Естественно, патриотические настроения гвардейцев были не такими, как представляла их впоследствии елизаветинская пропаганда 1740-х годов: будто бы «верные сыны отечества», движимые пламенной любовью к России и престолу, вослед своей предводительнице — дщери Петровой, двинулись стройными рядами на силы зла, «выпуживая селящих в гнезде Орла Российского ночных сов и нетопырей», «человекоядов птиц» — немецких временщиков. [380] Но, разумеется, не следует вовсе отрицать существование у гвардейцев подобных чувств, как и то, что чувства эти были тесно связаны с преклонением перед памятью Петра Великого, восхищением его личностью и деяниями. Общественная память коротка, и к началу 1740-х годов уже забылись жестокости царя-реформатора, насильственная европеизация, привлечение в страну во множестве иностранцев, бритье бород, примолкли слухи о подмененности самого государя и о его детях от иностранки-портомои.
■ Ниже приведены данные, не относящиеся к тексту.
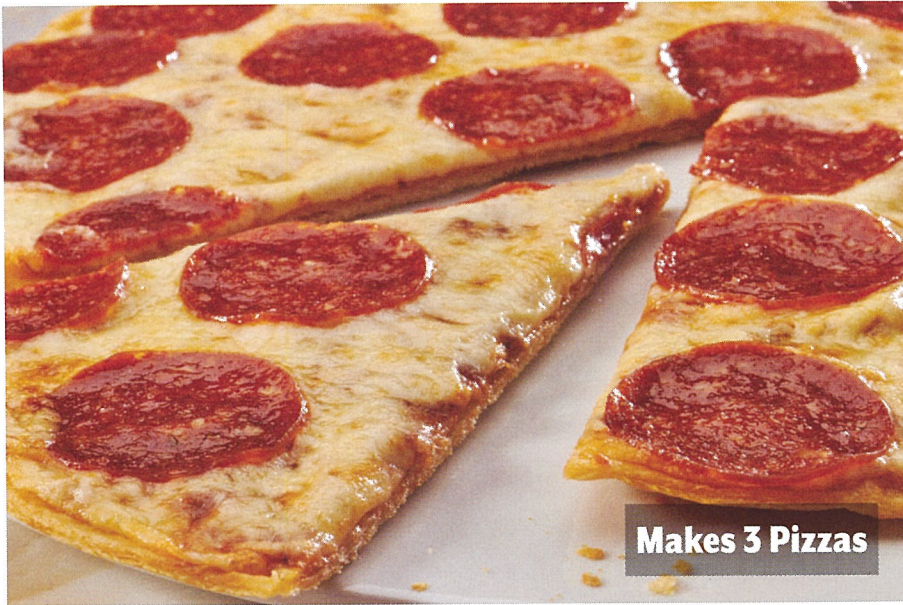
Makes 3 Pizzas
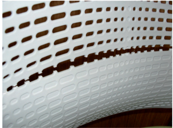
Figure 3 Close up of backrest detailing the split referred to in question 8 (b)
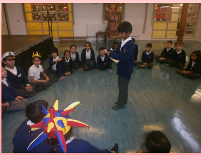
The whole school studied a play by William Shakespeare
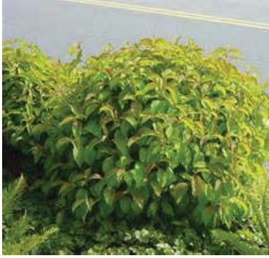
Dwarf redtwig dogwood 1' to 2' tall 2' to 3' wide Red stems

Can be planted closer to pavement and inside of clear sight line areas.
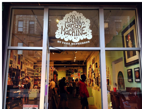
Candy Machine in Brooklyn, There are 2 exhibitions showing right now--the Trifecta and Boy Kong's Lucha No Libre

A 3D artist by trade, Boy Kong brilliantly illustrates, paints and then hand cuts + layers pieces of wood or acrylic to create his signature aesthetic. His pieces usually incorporate a bright and upbeat color scheme while his subjects often portray a bleak (and sometimes gory) message. Boy Kong's newest exhibit, Lucha No Libre puts a spin on the traditional Lucha Libre, a style of amateur freestyle wrestling; the masked luchadores (wrestlers) take on fierce beasts drenched in affable colors such as pale pink, periwinkle and lemon.

Но зато в народе жила память о неповторимом, могучем и грозном царе, который был не чета пришедшим после него слабовольным правителям. (Показательно, что за весь век не появилось ни одного самозванца, выдававшего себя за Петра Великого.) На этих чувствах и сыграла Елизавета, когда ночью с 24 на 25 ноября 1741 года приехала в казармы Преображенского полка и обратилась к солдатам: «Знаете ли, ребята, кто я? И чья дочь?» Приметим, что она напомнила им о том, что она дочь Петра Великого, а не обещала освободить их от муштры или от работ, навязанных им генералиссимусом, — ради этого они бы за ней не пошли.

380

И в церковных проповедях, и в театральных представлениях елизаветинской поры предшествующее царствование контрастно противопоставлялось эпохе дочери Петра, как черное белому. Всё, что относилось к эпохе правительницы, было окрашено в черные, темные, ночные цвета, и наоборот — приход Елизаветы выглядел как восход солнца после ночи «немецкого засилья», пробудивший солнечный свет, яркие, живые цвета и краски.